Re-elected in 1981, Max holds the distinction as the only CLMA president who succeeded himself. Successive reelection has since been prohibited. 

  1. Alfredo M. Roxas (Philippines News Agency). All the shibboleths of political campaign – T-shirts, streamers, balloons, food and drinks, leaflets – obtained in the election that saw Fred triumph over Amante Reyes (The Voice). The heavy turnout of voters indicated the rise in membership resulting from the increase in the number of provincial newspapers and radio stations in the region.  
  2. Jesus Matic (Reflector) and Hector P. Soto (Times Journal). With equal number of votes, a coin toss decided not who should be president but who would sit first in the shared presidency. Jess’ half of the term was cut short by his death leaving Toy more than his half-share.    

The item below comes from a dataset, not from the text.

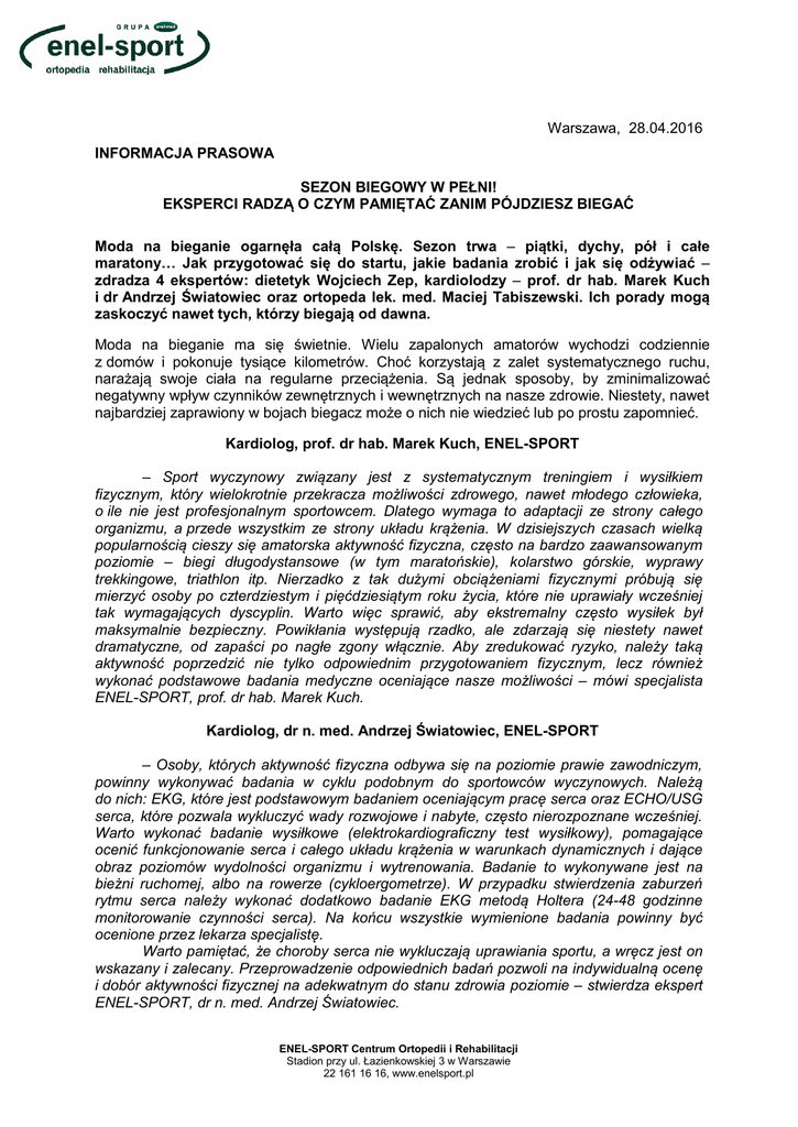 Warszawa, 28.04.2016 INFORMACJA PRASOWA SEZON BIEGOWY W PEŁNI! EKSPERCI RADZĄ O CZYM PAMIĘTAĆ ZANIM PÓJDZIESZ BIEGAĆ Moda na bieganie ogarnęła całą Polskę. Sezon trwa – piątki, dychy, pół i całe maratony… Jak przygotować się do startu, jakie badania zrobić i jak się odżywiać – zdradza 4 ekspertów: dietetyk Wojciech Zep, kardiolodzy – prof. dr hab. Marek Kuch i dr Andrzej Światowiec oraz ortopeda lek. med. Maciej Tabiszewski. Ich porady mogą zaskoczyć nawet tych, którzy biegają od dawna. Moda na bieganie ma się świetnie. Wielu zapalonych amatorów wychodzi codziennie z domów i pokonuje tysiące kilometrów. Choć korzystają z zalet systematycznego ruchu, narażają swoje ciała na regularne przeciążenia. Są jednak sposoby, by zminimalizować negatywny wpływ czynników zewnętrznych i wewnętrznych na nasze zdrowie. Niestety, nawet najbardziej zaprawiony w bojach biegacz może o nich nie wiedzieć lub po prostu zapomnieć. Kardiolog, prof. dr hab. Marek Kuch, ENEL-SPORT – Sport wyczynowy związany jest z systematycznym treningiem i wysiłkiem fizycznym, który wielokrotnie przekracza możliwości zdrowego, nawet młodego człowieka, o ile nie jest profesjonalnym sportowcem. Dlatego wymaga to adaptacji ze strony całego organizmu, a przede wszystkim ze strony układu krążenia. W dzisiejszych czasach wielką popularnością cieszy się amatorska aktywność fizyczna, często na bardzo zaawansowanym poziomie – biegi długodystansowe (w tym maratońskie), kolarstwo górskie, wyprawy trekkingowe, triathlon itp. Nierzadko z tak dużymi obciążeniami fizycznymi próbują się mierzyć osoby po czterdziestym i pięćdziesiątym roku życia, które nie uprawiały wcześniej tak wymagających dyscyplin. Warto więc sprawić, aby ekstremalny często wysiłek był maksymalnie bezpieczny. Powikłania występują rzadko, ale zdarzają się niestety nawet dramatyczne, od zapaści po nagłe zgony włącznie. Aby zredukować ryzyko, należy taką aktywność poprzedzić nie tylko odpowiednim przygotowaniem fizycznym, lecz również wykonać podstawowe badania medyczne oceniające nasze możliwości – mówi specjalista ENEL-SPORT, prof. dr hab. Marek Kuch. Kardiolog, dr n. med. Andrzej Światowiec, ENEL-SPORT – Osoby, których aktywność fizyczna odbywa się na poziomie prawie zawodniczym, powinny wykonywać badania w cyklu podobnym do sportowców wyczynowych. Należą do nich: EKG, które jest podstawowym badaniem oceniającym pracę serca oraz ECHO/USG serca, które pozwala wykluczyć wady rozwojowe i nabyte, często nierozpoznane wcześniej. Warto wykonać badanie wysiłkowe (elektrokardiograficzny test wysiłkowy), pomagające ocenić funkcjonowanie serca i całego układu krążenia w warunkach dynamicznych i dające obraz poziomów wydolności organizmu i wytrenowania. Badanie to wykonywane jest na bieżni ruchomej, albo na rowerze (cykloergometrze). W przypadku stwierdzenia zaburzeń rytmu serca należy wykonać dodatkowo badanie EKG metodą Holtera (24-48 godzinne monitorowanie czynności serca). Na końcu wszystkie wymienione badania powinny być ocenione przez lekarza specjalistę. Warto pamiętać, że choroby serca nie wykluczają uprawiania sportu, a wręcz jest on wskazany i zalecany. Przeprowadzenie odpowiednich badań pozwoli na indywidualną ocenę i dobór aktywności fizycznej na adekwatnym do stanu zdrowia poziomie – stwierdza ekspert ENEL-SPORT, dr n. med. Andrzej Światowiec. ENEL-SPORT Centrum Ortopedii i Rehabilitacji Stadion przy ul. Łazienkowskiej 3 w Warszawie 22 161 16 16, www.enelsport.pl Dietetyk, mgr Wojciech Zep, ENEL-SPORT – Trening jest oczywiście podstawą przygotowania startowego, jednak należy zwrócić uwagę na kilka aspektów dotyczących żywienia, które sprzyjają poprawie wyników sportowych i zapobiegają niszczeniu zdrowia. Najważniejsze jest nawodnienie – minimalna ilość wody bez treningu, to 30 ml na kilogram masy ciała. Jeśli ktoś waży np. 75 kg powinien pić 2,25 l wody średniozmineralizowanej w ciągu całego dnia. Na każdą godzinę wysiłku powinien dodać ok. 0,5 – 0,75 l wody lub izotoniku. Bardzo zdrowy zwyczaj to szklanka wody jako pierwsza czynność w ciągu dnia, może być z cytryną, miodem lub imbirem. Dietę należy dostosować do intensywności treningu. Gdy trenuje się więcej, należy też więcej jeść. Jeśli dodatkowo pojawia się wysiłek o wysokiej intensywności, trzeba wprowadzić do diety więcej węglowodanów – zwłaszcza zwrócić uwagę na ich potreningowe uzupełnienie. Minimalna ilość to 50 g węglowodanów, czyli np. dwa banany. Na dwa do trzech dni przed startem należy wprowadzić do diety dodatkowe porcje węglowodanów, żeby zgromadzić odpowiedni zapas glikogenu, który zaopatrzy mięśnie w paliwo. Do standardowego menu można dołączyć mus owocowy, dżem, konfitury, owoce, pełnoziarniste pieczywo, makarony, ryż brązowy czy kasze. Można również skorzystać z odżywek węglowodanowych. Z kolei, jeden do dwóch dni po starcie, dobrze jest zwiększyć w diecie zawartość produktów białkowych (tak długo, jak odczuwa się tzw. „zakwasy”). Pozwoli to na lepszą odbudowę uszkodzonych w trakcie biegu struktur mięśniowych. Warto wprowadzić białko jaj, dodatkową porcję mięsa lub ryb, rośliny strączkowe, a przed spaniem ser twarogowy. Idealnie jeśli będą to 4 porcje po ok. 25 g białka w ciągu całego dnia. – tłumaczy dietetyk, mgr Wojciech Zep, z zespołu dietetyków ENEL-SPORT Ortopeda, lek. med. Maciej Tabiszewski, ENEL-SPORT – Należy pamiętać o odpowiedniej rozgrzewce. Przed każdą wzmożoną aktywnością fizyczną trzeba przygotować ciało poprzez jego odpowiednie rozgrzanie, zwiększenie przepływu krwi przez wielkie partie mięśniowe. Stopniowo trzeba zwiększać obciążenia (dystans, intensywność treningu). Każdemu zdarza się czasem przerwa w regularnym bieganiu spowodowana urlopem, chorobą czy k

  3. Jeremias J. Lacuarta (Bulletin Today). A court injunction filed by a disgruntled CLMA director came too late to stop Jerry’s election. Lawyer-friends later questioned the injunction over the CLMA, it being a “social organization” unregistered with the SEC. The CLMA was officially affiliated with the National Press Club. CLMA meetings started to be moved from province to province instead of being centered at the MPI regional office.  
  4. Carlos P. Gatdula (Bulletin Today). His sacrifice of the presidency upon the organization of the CLMA bore fruit six years hence, being the only candidate for president in what turned out to be an acclamation rather than an election. Serious threats to his life constrained Gat to seek temporary sanctuary in the USA ceding the presidency to his executive vice president Bert Padilla (Bulletin Today). 
  5. Benny Rillo (Balita). Along with acting president Bert, Feliciano Pasion (Manila Times) and Rizal Policarpio (Balita) were handily beaten by Benny in the election held in Cabanatuan City. 
  6. Feliciano Pasion (Manila Times). Exchange of gunfire between NPA rebels and the military in an armed encounter in nearby Samal, provided the horrifying accompaniment to Ising’s election to the presidency held in Balanga, Bataan. A revised CLMA Constitution and By-Laws was drafted during his term.
  7. Jeremias J. Lacuarta (Manila Bulletin). The Constitution and By-Laws was approved overwhelmingly in the general assembly preceding the election. Jerry renewed his call to cleanse the CLMA of media scalawags and extortionists.   

(P.S. Reminiscing over events more than four decades back has taken its toll on ageing memory. This is the best reconstruction I can do for a piece celebrating the 44th anniversary of the CLMA held last Dec. 2 at the Hiyas Convention Center, Malolos City. My apologies for lapses.)